Keywords: Echocontrast Cystosonography, Vesicoureteral Reflux, Agitated Saline

How to cite this article:
Katariya S, Chaudhry S, Pimpalwar A, Rao K. Saline Cystosonography versus micturating cystourethrography in the detection of vesicoureteral reflux. Indian J Radiol Imaging 2003;13:45-52

How to cite this URL:
Katariya S, Chaudhry S, Pimpalwar A, Rao K. Saline Cystosonography versus micturating cystourethrography in the detection of vesicoureteral reflux. Indian J Radiol Imaging [serial online] 2003 [cited 2020 Aug 6];13:45-52. Available from:
Vesicoureteral reflux (VUR) is the retrograde flow of urine from the bladder into the renal collecting system. It provides a pathway for ascent of bacteria and along with infection results in renal scarring. The risk of subsequent hypertension and renal insufficiency can be reduced by early diagnosis and treatment. Roentgenographic micturating cystourethrography (MCU) and radionuclide cystography are the traditional diagnostic procedures used for this purpose. Both these imaging tools expose the young patient to ionizing radiation. The average effective dose for an MCU involving three radiographs and fluoroscopy is 0.3 to 0.4 mSv [1]. The stomach, lower large intestine, bladder wall, liver and ovaries receive relatively high doses [1] The gonad dose during an MCU ranges from 53 to 1900 m rad in girls and from 24 to 309m rad in boys [2]. 99mTc direct radionuclide cystography delivers an 'absorbed dose' of 16mrad/mCi to 58mrad/mCi to the bladder wall and a radiation dose rate of 0.2mrad/mCi-min to the testes and 0.3mrad/mCi-min to the ovaries in a five-year-old [3]. Also, conservative management of children with reflux entails frequent follow-up imaging; increasing the concern over radiation exposure.

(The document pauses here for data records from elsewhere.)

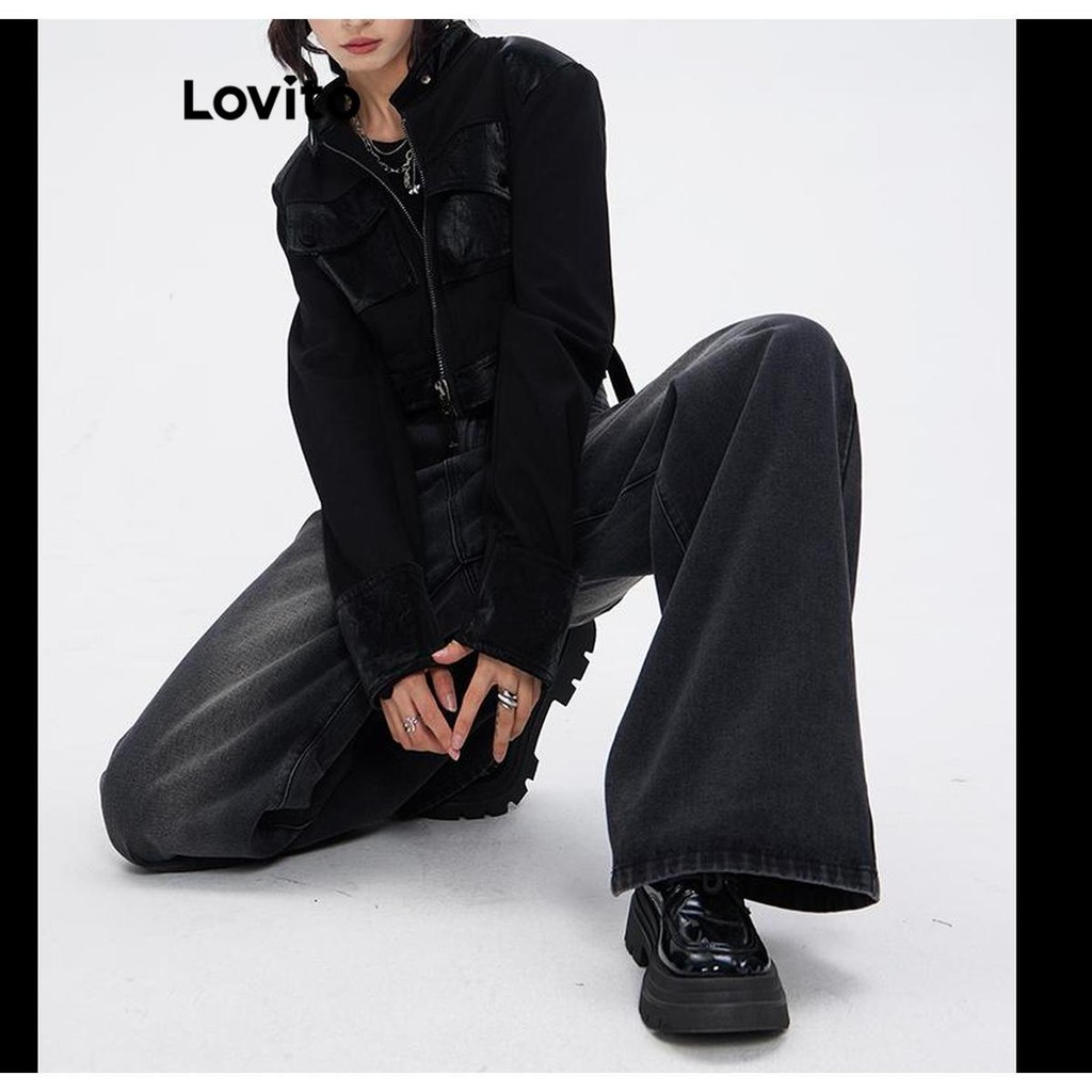 Lovito x Glenda Jeans Femininos Casuais Com Botão Liso E Bolso Frontal Com Zíper LNA49080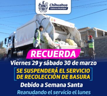 Recuerda, se suspenderá recolección de basura este viernes 29 y sábado 30 de marzo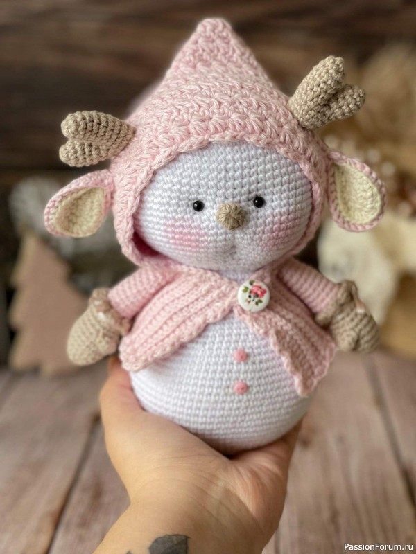 Этот очаровательный олень одет в нежно-розовую шапочку с рожками, которая придает ему особый шарм. Обратите внимание на аккуратные пуговички и изящную вышивку на плаще. Как думаете, куда он отправляется в своем стильном наряде?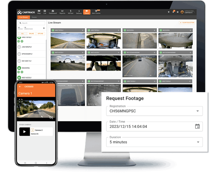 Live stream up to 16 cameras with crystal clear audio using Cartrack's live streaming truck fleet cameras

Ultrasound is an attractive imaging modality for the pediatric population. It involves no ionizing radiation and is well tolerated by the young. Ultrasound by itself, however, is neither sensitive nor specific for the diagnosis of VUR [4],[5]. Children with abnormal screening renal sonograms often have VUR, but a normal sonogram does not reliably exclude the condition [5]. Increase in renal pelvic size on post-void ultrasound is also not a reliable indicator of VUR [6].

The introduction of contrast agents into the bladder increases the echogenicity of bladder fluid and allows real-time sonographic visualization of retrograde movement of the echogenic fluid into the ureter and the pelvicalyceal system (PCS). This prospective study evaluates the efficacy of cystosonography using agitated saline in the detection of VUR.

   Subjects and methods Top

Patient population and study setting

The study was conducted in the radiology department of a tertiary care children hospital from April 1998 to March 1999. Fifty-one patients (39 boys and 12 girls) ranging in age from nine days to twelve years were referred from the pediatric out patient department for the detection or follow-up of VUR.

The clinical indications for the study included obstructive urinary symptoms (n=12), repeated urinary tract infection (n=14), dysfunctional voiding (n=3), incidentally detect ed hydroureteronephrosis (n-5), anorectal malformat ion (n=5), exstrophy epispadias complex (n=2) and follow-up examinations in the course of conservative / surgical management (n=10). Two patients had a solitary kidney, hence a total of hundred kdney - ureter (K-U) units were evaluated for reflux. The study was approved by the Ethics Committee of the hospital.

Data collection

All patients underwent echocontrast cystosonography (ECS) followed by MCU on the same day. They were free from urinary tract infection for at least one week prior to the procedure [7,8]. An informed consent was obtained from the parents before the procedure. All children less than five years of age received oral sedation in the form of trichlorphos (30-50mg/kg) thirty minutes before the procedure. Urethral catheterization was performed with an appropriate sized Foley's catheter or infant feeding tube under strict aseptic conditions. The residual urine was discarded and the catheter connected to a three-way through a short connecting tube.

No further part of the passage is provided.